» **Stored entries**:

*** Begin section ***

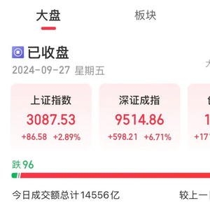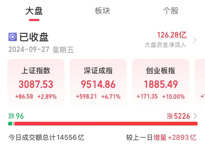 北京时间9月27日,A股继续大涨,上交所股票交易系统一度崩溃,截止至收盘时,上证指数大涨2.89%、深证成指大涨6.71%、创业板指大涨10%(不算是涨停板哈,毕竟创业板股票可以涨20%)。
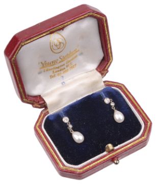 A pair of attractive Continental Edwardian diamond and cultured pearl ear drops
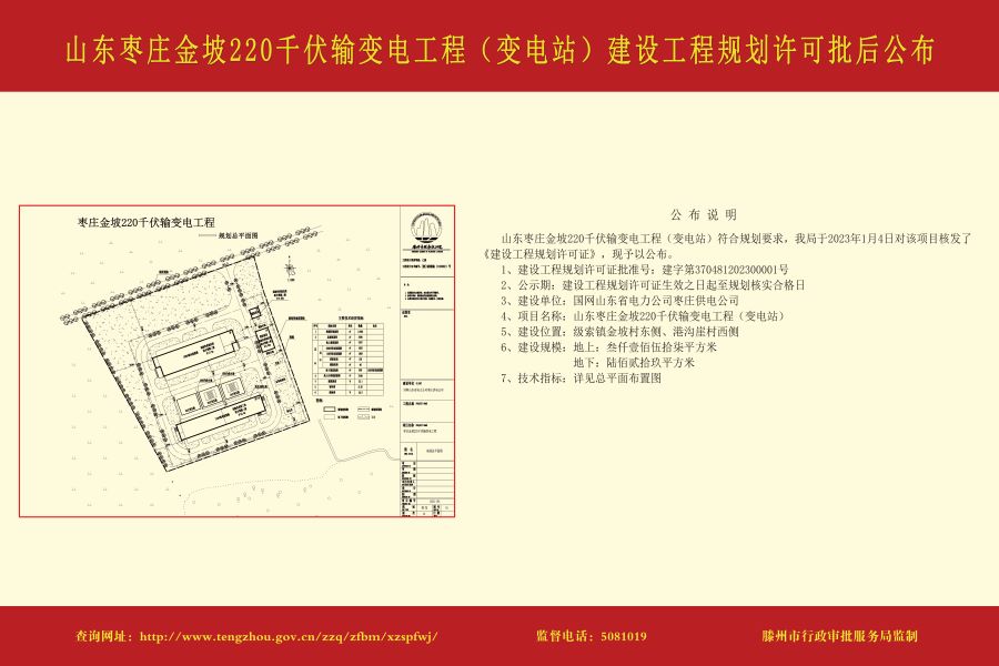 山东枣庄金坡220千伏输变电工程(变电站)建设工程规划许可批后公布
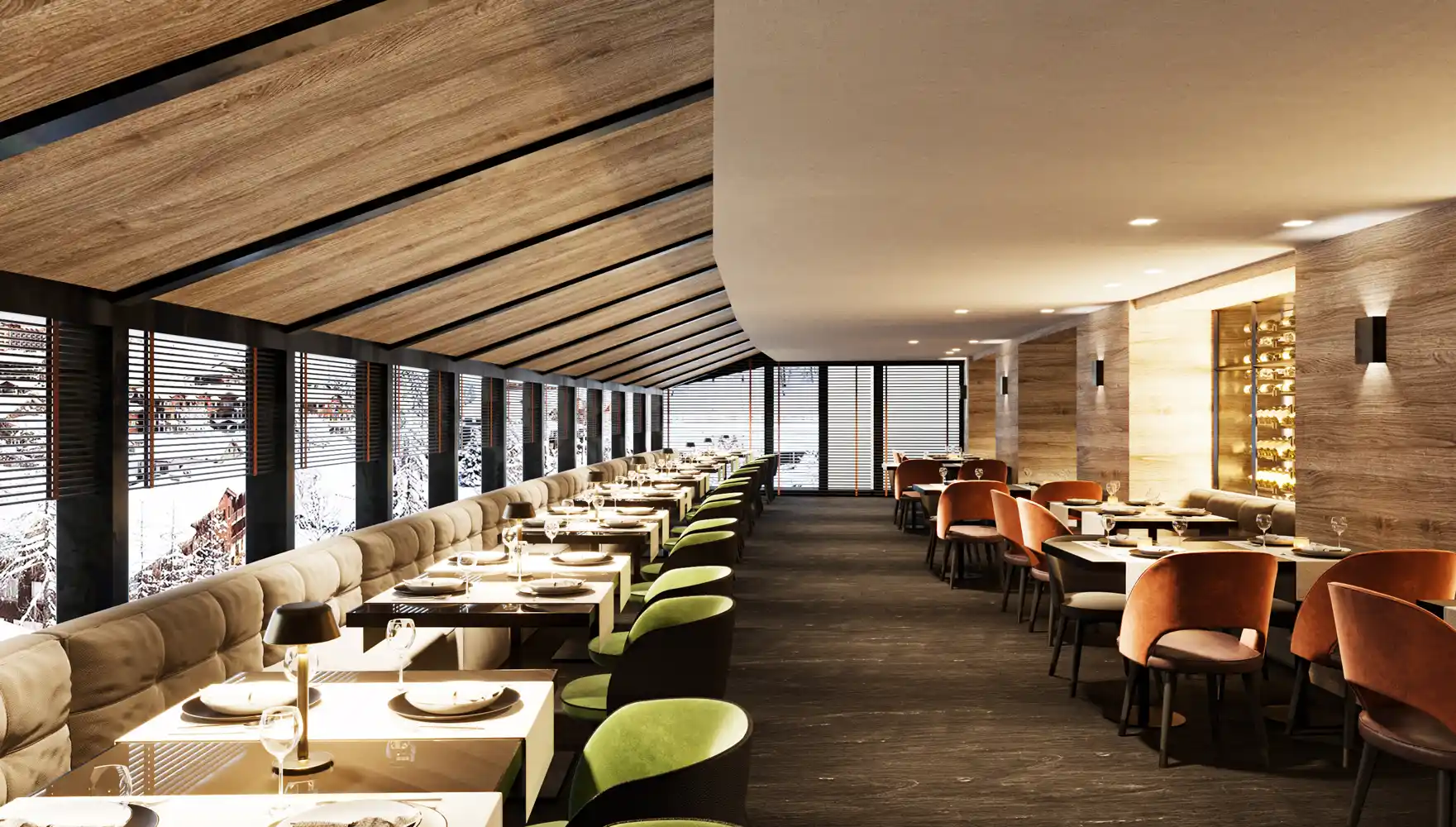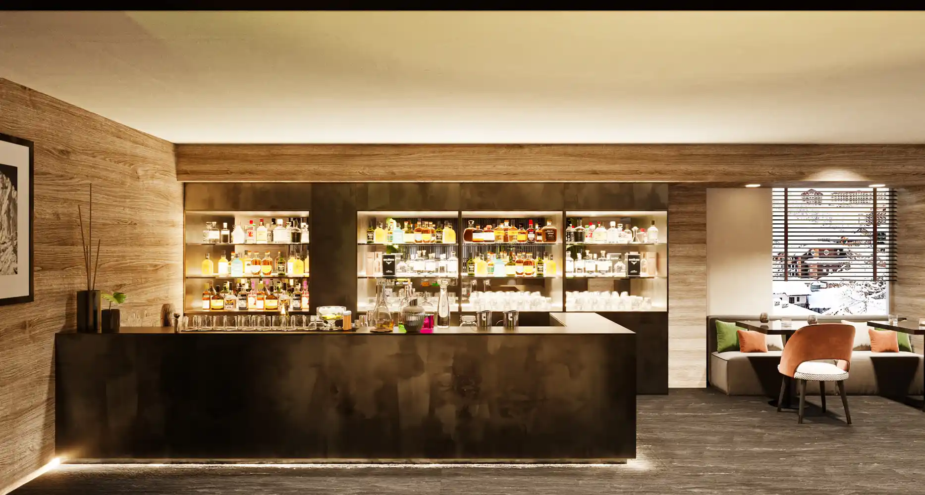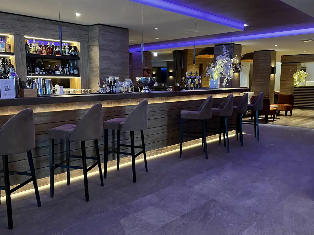 Efter middagen kan man slappe af foran pejsen i lobbyområdet eller man kan nyde en kølig drink i hotellets bar, hvor der er optræden fra live-band eller DJ. Og således kan man, uden at bevæge sig væk fra hotellet, få en perfekt afslutning på skidagen.
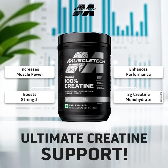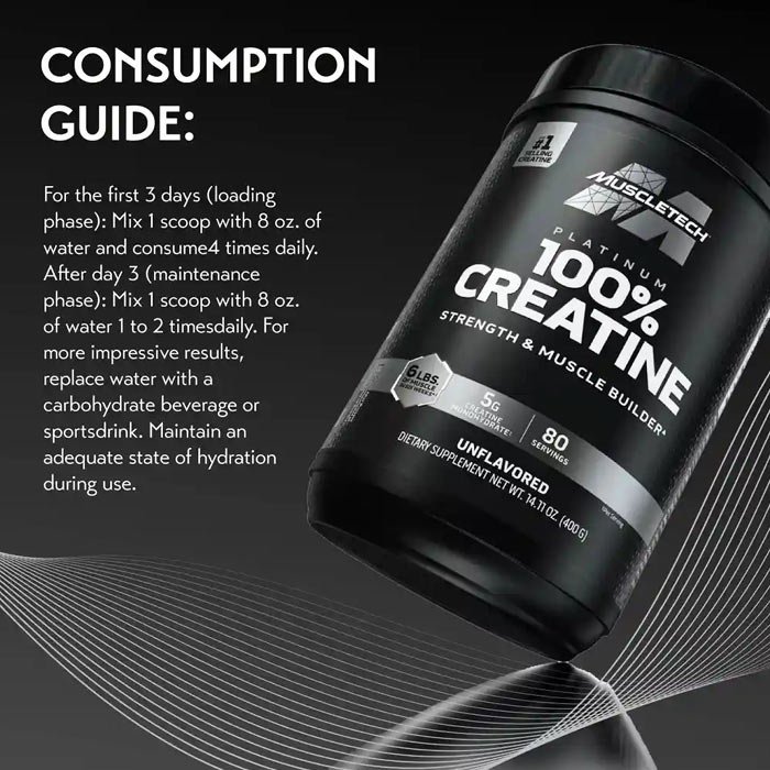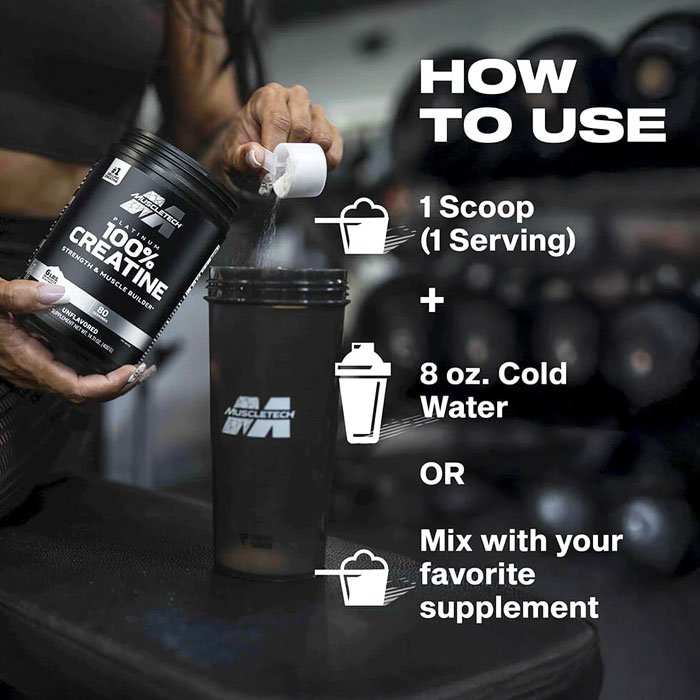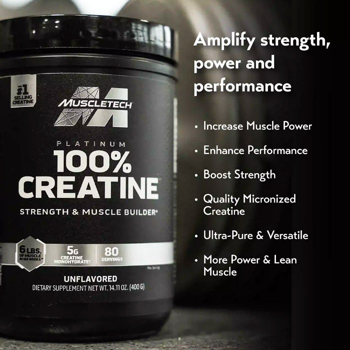 MuscleTech Platinum Creatine 100% is a high quality Creatine Monohydrate. Using a flavorless creatine allows all athletes to easily mix Creatine with other products and consume it at the same time in different Meals. Creatine monohydrate has favorable results for most athletes and is generally the most common type of Creatine used by Athletes.
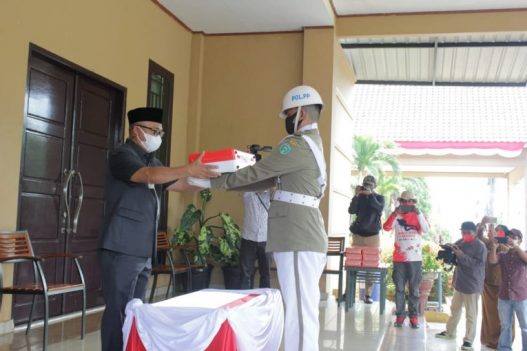 LUTIM, RRN—Bupati Luwu Timur, H Budiman kembali menerima Bendera Merah Putih usai dibentangkan dibawah laut Tanjung Parasulu Desa Harapan Kecamatan Malili, Senin (16/08/2021) di Rujab Bupati. Kegiatan bentang bendera merah putih di dalam laut ini masih merupakan rangkaian menyambut Hari Ulang Tahun Republik Indonesia ke 76.
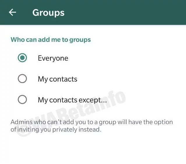 A partir dessa atualização, será possível gerenciar isso abrindo Configurações do WhatsApp> Conta> Privacidade> Grupos. Ao abrir a seção, você pode escolher “Todos”, permitindo que todo mundo te coloque em grupos sem autorização para isso, como é atualmente; “Meus contatos”, em que você pode ser adicionado somente pela sua lista de contatos; e “Meus contatos, exceto”, que, como o próprio nome diz, autoriza que seus conhecidos te coloquem em certas comunidades, mas com exceção de alguns nomes.
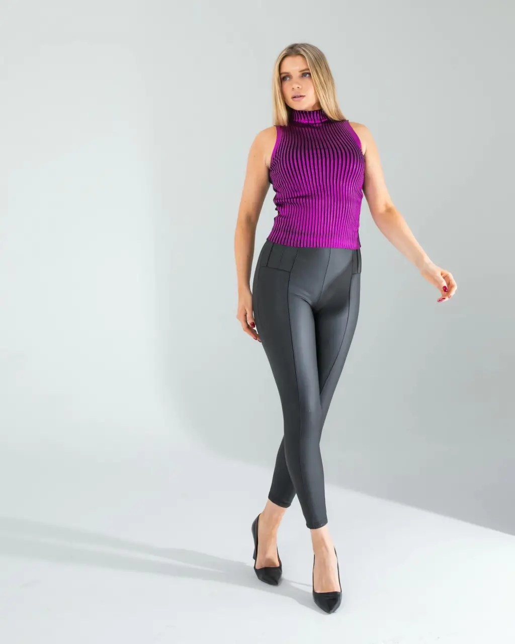 Deri Etek ve Topuklu Ayakkabı: Şık bir akşam yemeği veya özel bir etkinlik için, trikonuzu siyah deri etek ve siyah topuklu ayakkabılarla tamamlayın.

*** End section ***

Copy nothing but the lines from the top of the data down to the line containing "A partir dessa", and leave the pictures out.

» **SOLVED PROBLEM**:
 北京时间9月27日,A股继续大涨,上交所股票交易系统一度崩溃,截止至收盘时,上证指数大涨2.89%、深证成指大涨6.71%、创业板指大涨10%(不算是涨停板哈,毕竟创业板股票可以涨20%)。
 A pair of attractive Continental Edwardian diamond and cultured pearl ear drops
 山东枣庄金坡220千伏输变电工程(变电站)建设工程规划许可批后公布
 Efter middagen kan man slappe af foran pejsen i lobbyområdet eller man kan nyde en kølig drink i hotellets bar, hvor der er optræden fra live-band eller DJ. Og således kan man, uden at bevæge sig væk fra hotellet, få en perfekt afslutning på skidagen.
 MuscleTech Platinum Creatine 100% is a high quality Creatine Monohydrate. Using a flavorless creatine allows all athletes to easily mix Creatine with other products and consume it at the same time in different Meals. Creatine monohydrate has favorable results for most athletes and is generally the most common type of Creatine used by Athletes.
 LUTIM, RRN—Bupati Luwu Timur, H Budiman kembali menerima Bendera Merah Putih usai dibentangkan dibawah laut Tanjung Parasulu Desa Harapan Kecamatan Malili, Senin (16/08/2021) di Rujab Bupati. Kegiatan bentang bendera merah putih di dalam laut ini masih merupakan rangkaian menyambut Hari Ulang Tahun Republik Indonesia ke 76.
 A partir dessa atualização, será possível gerenciar isso abrindo Configurações do WhatsApp> Conta> Privacidade> Grupos. Ao abrir a seção, você pode escolher “Todos”, permitindo que todo mundo te coloque em grupos sem autorização para isso, como é atualmente; “Meus contatos”, em que você pode ser adicionado somente pela sua lista de contatos; e “Meus contatos, exceto”, que, como o próprio nome diz, autoriza que seus conhecidos te coloquem em certas comunidades, mas com exceção de alguns nomes.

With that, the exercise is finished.